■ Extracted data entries
────
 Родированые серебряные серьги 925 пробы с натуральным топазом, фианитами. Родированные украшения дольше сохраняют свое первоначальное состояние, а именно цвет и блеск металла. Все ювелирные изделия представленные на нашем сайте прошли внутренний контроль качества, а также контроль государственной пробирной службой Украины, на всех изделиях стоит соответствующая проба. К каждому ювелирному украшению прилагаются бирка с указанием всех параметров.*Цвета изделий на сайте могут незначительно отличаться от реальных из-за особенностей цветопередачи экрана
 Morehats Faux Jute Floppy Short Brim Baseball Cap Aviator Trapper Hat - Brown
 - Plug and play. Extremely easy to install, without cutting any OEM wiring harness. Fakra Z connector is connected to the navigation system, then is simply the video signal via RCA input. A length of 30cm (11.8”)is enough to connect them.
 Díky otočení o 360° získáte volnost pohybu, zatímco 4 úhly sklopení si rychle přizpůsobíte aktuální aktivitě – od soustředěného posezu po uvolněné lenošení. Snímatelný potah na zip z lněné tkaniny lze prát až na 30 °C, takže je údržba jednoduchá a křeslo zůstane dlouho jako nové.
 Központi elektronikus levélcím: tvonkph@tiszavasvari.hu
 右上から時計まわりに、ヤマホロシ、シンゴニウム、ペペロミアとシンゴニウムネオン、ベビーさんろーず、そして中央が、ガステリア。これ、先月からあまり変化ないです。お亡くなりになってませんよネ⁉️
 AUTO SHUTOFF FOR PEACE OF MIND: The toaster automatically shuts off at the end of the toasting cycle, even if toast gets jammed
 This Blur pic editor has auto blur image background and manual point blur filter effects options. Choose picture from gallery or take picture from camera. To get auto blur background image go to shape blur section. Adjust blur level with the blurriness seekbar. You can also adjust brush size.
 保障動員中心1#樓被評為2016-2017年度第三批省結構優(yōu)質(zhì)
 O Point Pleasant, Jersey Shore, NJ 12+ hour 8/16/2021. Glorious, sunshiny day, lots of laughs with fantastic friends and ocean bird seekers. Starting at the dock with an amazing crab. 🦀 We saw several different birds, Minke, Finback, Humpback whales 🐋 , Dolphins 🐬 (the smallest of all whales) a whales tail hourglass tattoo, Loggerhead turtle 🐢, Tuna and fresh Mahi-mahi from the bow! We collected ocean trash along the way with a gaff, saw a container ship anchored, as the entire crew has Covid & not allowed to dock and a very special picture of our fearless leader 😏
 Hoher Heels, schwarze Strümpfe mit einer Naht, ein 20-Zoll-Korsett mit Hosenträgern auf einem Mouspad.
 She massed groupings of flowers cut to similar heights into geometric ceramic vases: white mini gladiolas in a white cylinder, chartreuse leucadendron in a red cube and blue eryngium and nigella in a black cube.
────
■ TASK DIRECTIONS
Above are some lines. Repeat exactly, and only, those from the line that has "保障動員中心1#樓被評為20" through the line that has "Hoher Heels, schwarze".

■ WRITTEN ANSWER
 保障動員中心1#樓被評為2016-2017年度第三批省結構優(yōu)質(zhì)
 O Point Pleasant, Jersey Shore, NJ 12+ hour 8/16/2021. Glorious, sunshiny day, lots of laughs with fantastic friends and ocean bird seekers. Starting at the dock with an amazing crab. 🦀 We saw several different birds, Minke, Finback, Humpback whales 🐋 , Dolphins 🐬 (the smallest of all whales) a whales tail hourglass tattoo, Loggerhead turtle 🐢, Tuna and fresh Mahi-mahi from the bow! We collected ocean trash along the way with a gaff, saw a container ship anchored, as the entire crew has Covid & not allowed to dock and a very special picture of our fearless leader 😏
 Hoher Heels, schwarze Strümpfe mit einer Naht, ein 20-Zoll-Korsett mit Hosenträgern auf einem Mouspad.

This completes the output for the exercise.